### [Task]
Take the lines from the line containing "An overview of" through the end of the entries and output them exactly, with no pictures and nothing more.

Start of Dataset

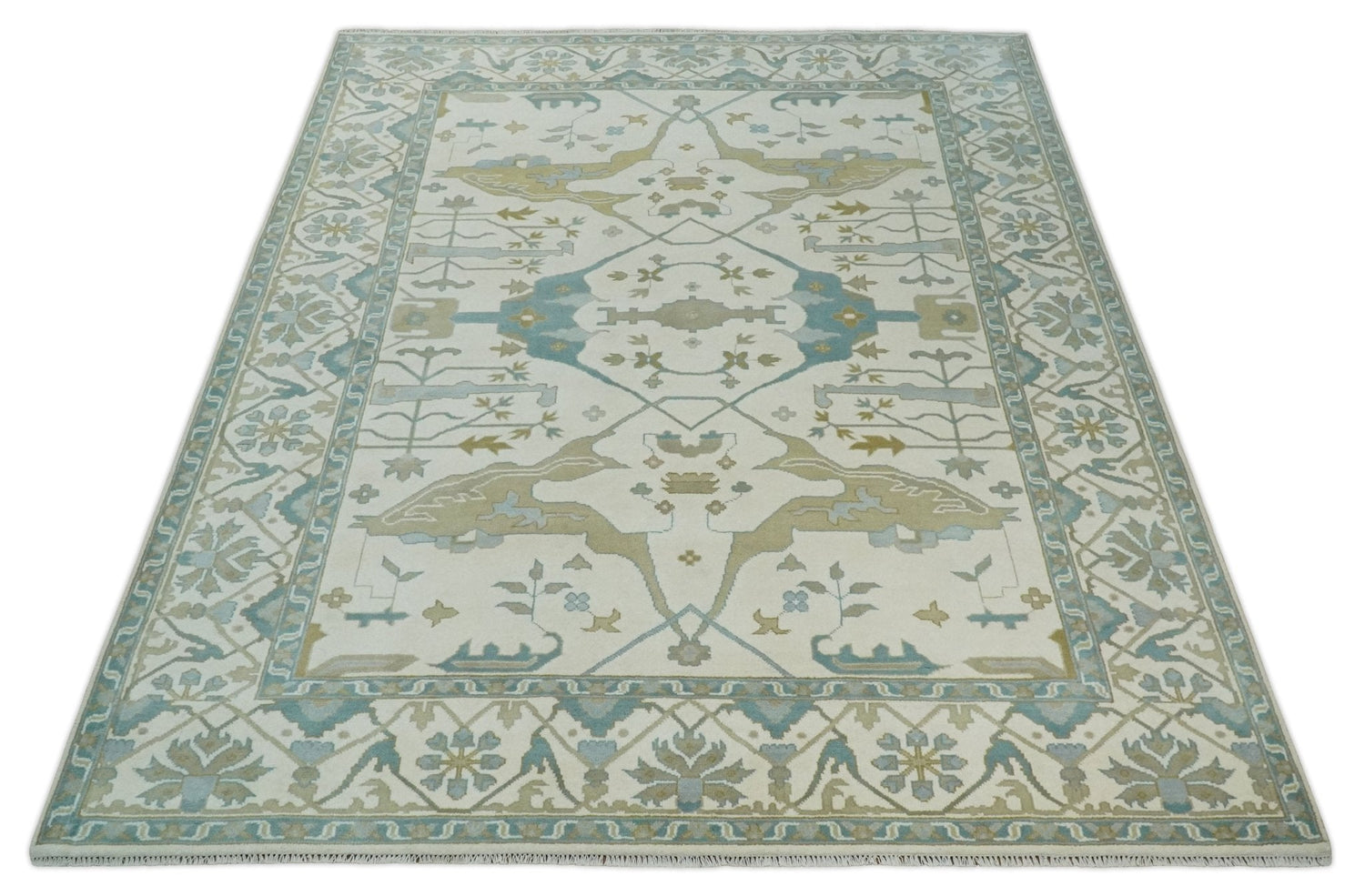 9.3x12.1 Hand Knotted Oriental Oushak Ivory, Brown and Beige Wool Area Rug - 9.3x12.1 is backordered and will ship as soon as it is back in stock.
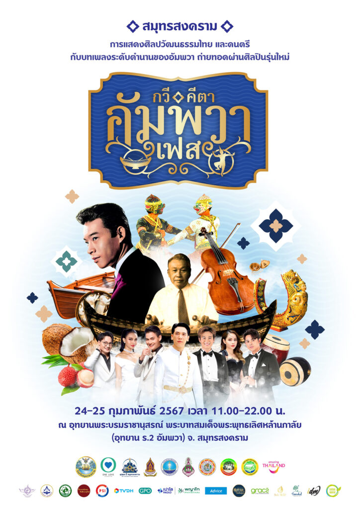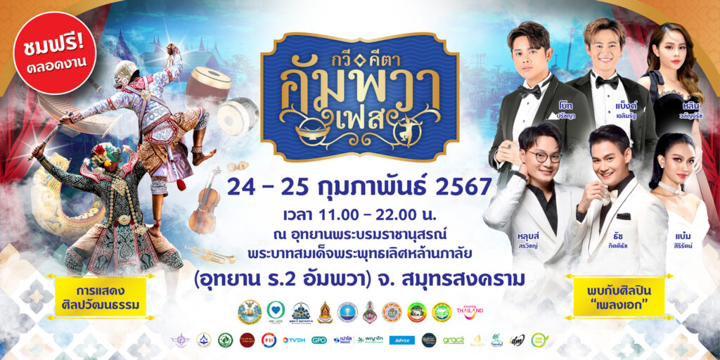 น้อมรำลึกถึงพระมหากรุณาธิคุณและวันคล้ายวันพระบรมราชสมภพ พระบาทสมเด็จพระพุทธเลิศหล้านภาลัย (รัชกาลที่ 2) มูลนิธิหนึ่งน้ำใจ และ จังหวัดสมุทรสงคราม จัดงาน “กวี คีตา อัมพวาเฟส” สัมผัสความสนุกในยุคทองของวรรณคดีไทย การันตรีด้วยCultural Carbon Neutral Event งานวัฒนธรรมที่ไม่ปล่อยมลพิษสู่โลก เริ่มวันที่ 24 – 25 กุมภาพันธ์ 2567 ณ อุทยานพระบรมราชานุสรณ์ (อุทยานร.2) อัมพวา ฟรี! ตลอดงาน
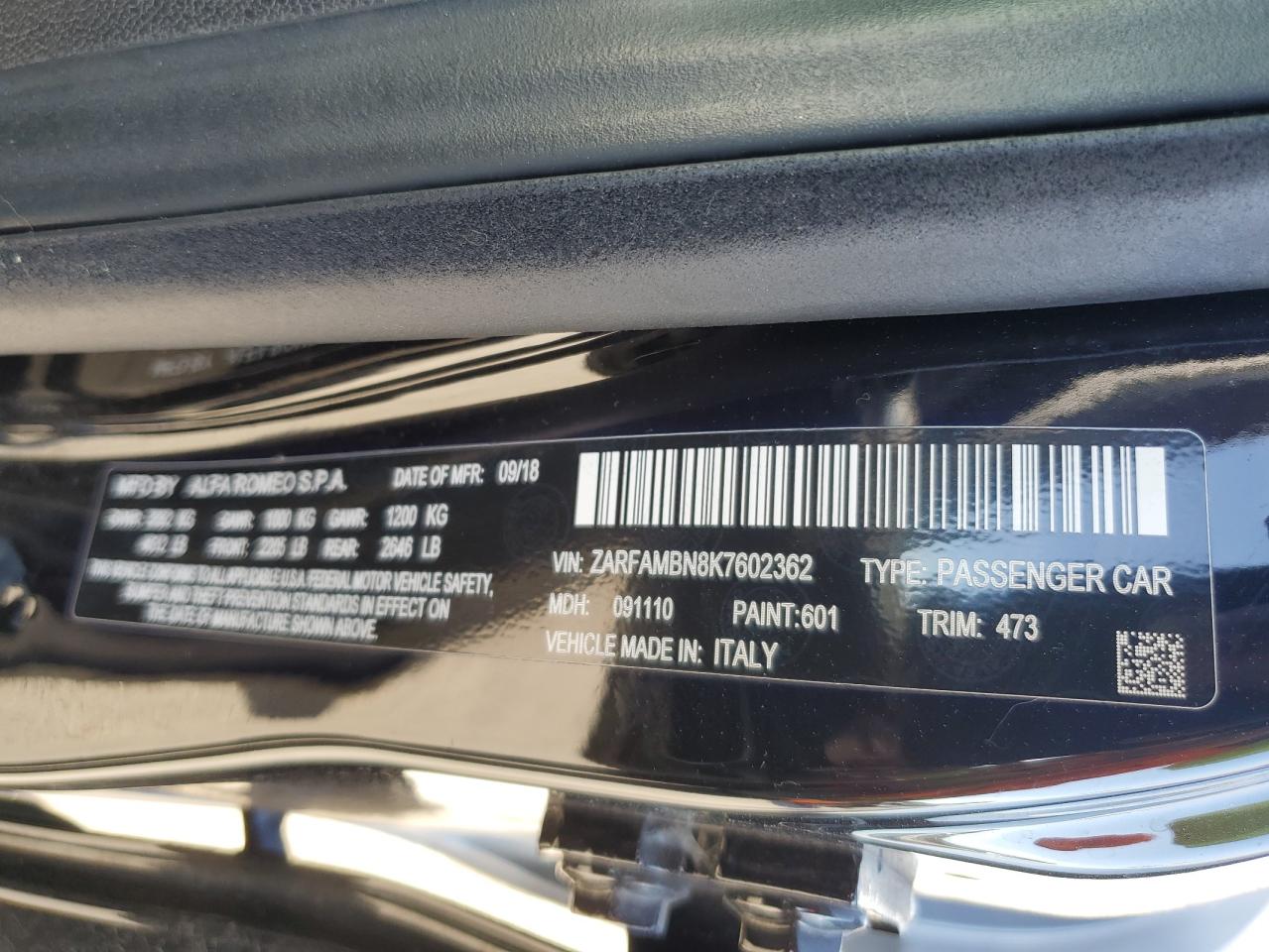 2019 ALFA ROMEO GIULIA 2019 року Бензин, 2.0, Задний привод, vin - ZARFAMBN8K7602362 из США
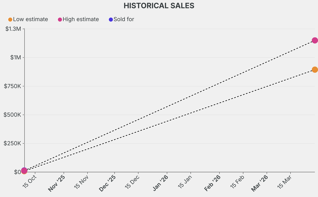 It last sold at auction in 2025 for $14,000 at Christie's. The current low estimate is 11077% higher than its previous low estimate of $8,000.
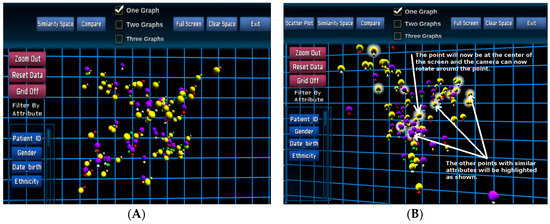 An overview of the patient population in the similarity space in a Unity3D environment, (A) at the navigational stage and (B) when highlighting the patients. This visualisation provides a smooth, ergonomic and gaming-friendly environment to analysts.
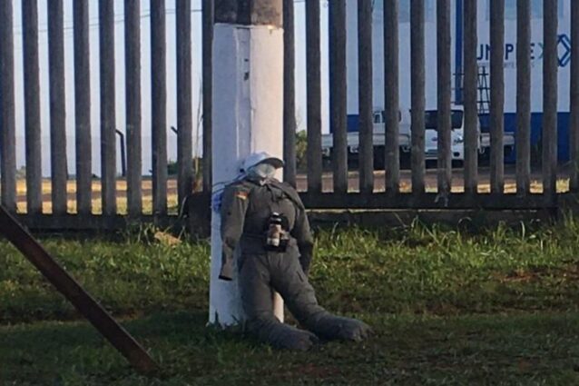 Um boneco vestido com a farda da BM foi amarrado a um poste e, na cintura, ele levava um artefato que levantou a suspeita de um explosivo. O manequim não possuía nenhuma inscrição e estava de boné.
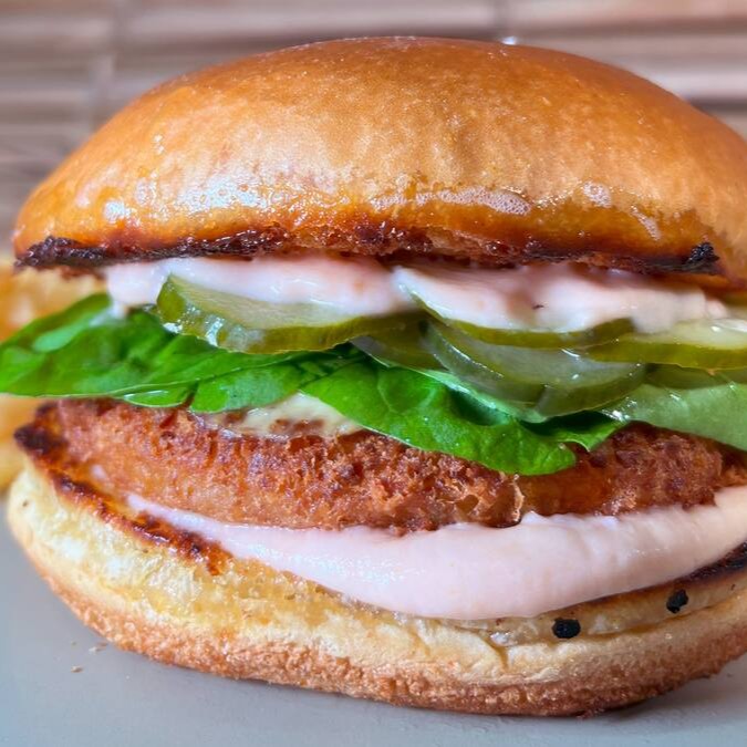 Pão na chapa, Hambúrguer de grão de bico com Vegarela, molho tártaro, tomate, rúcula e pepino.
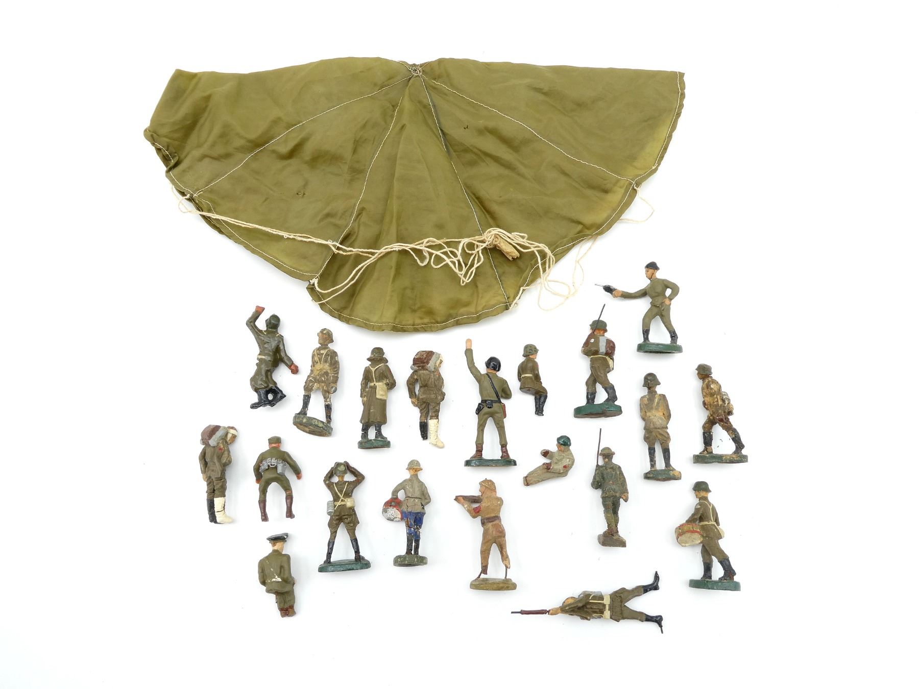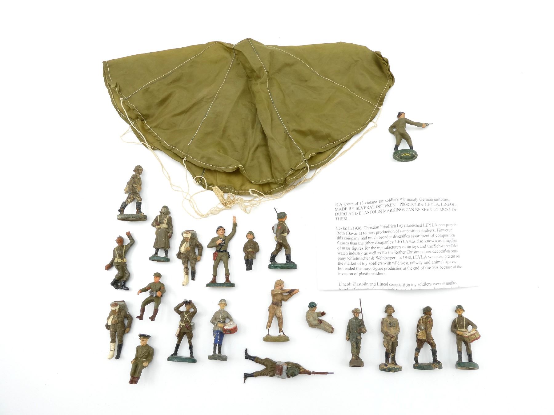 LOT INCLUDES; APPROX. (20) TOY SOLDIERS, COMES WITH INFORMATION SHEET ON THE TOY MFG'S, SOME MARKED: "LEYLA", "LINEOL", "DURO", "ELASTOLIN", ETC., CIRCA EARLY 20TH CENTURY TO 1950'S, VARIOUS COLOURS, SHOWS AGE / WEAR / TEAR. SEE PHOTOS.

End of Dataset

### [Written reply]
 An overview of the patient population in the similarity space in a Unity3D environment, (A) at the navigational stage and (B) when highlighting the patients. This visualisation provides a smooth, ergonomic and gaming-friendly environment to analysts.
 Um boneco vestido com a farda da BM foi amarrado a um poste e, na cintura, ele levava um artefato que levantou a suspeita de um explosivo. O manequim não possuía nenhuma inscrição e estava de boné.
 Pão na chapa, Hambúrguer de grão de bico com Vegarela, molho tártaro, tomate, rúcula e pepino.
 LOT INCLUDES; APPROX. (20) TOY SOLDIERS, COMES WITH INFORMATION SHEET ON THE TOY MFG'S, SOME MARKED: "LEYLA", "LINEOL", "DURO", "ELASTOLIN", ETC., CIRCA EARLY 20TH CENTURY TO 1950'S, VARIOUS COLOURS, SHOWS AGE / WEAR / TEAR. SEE PHOTOS.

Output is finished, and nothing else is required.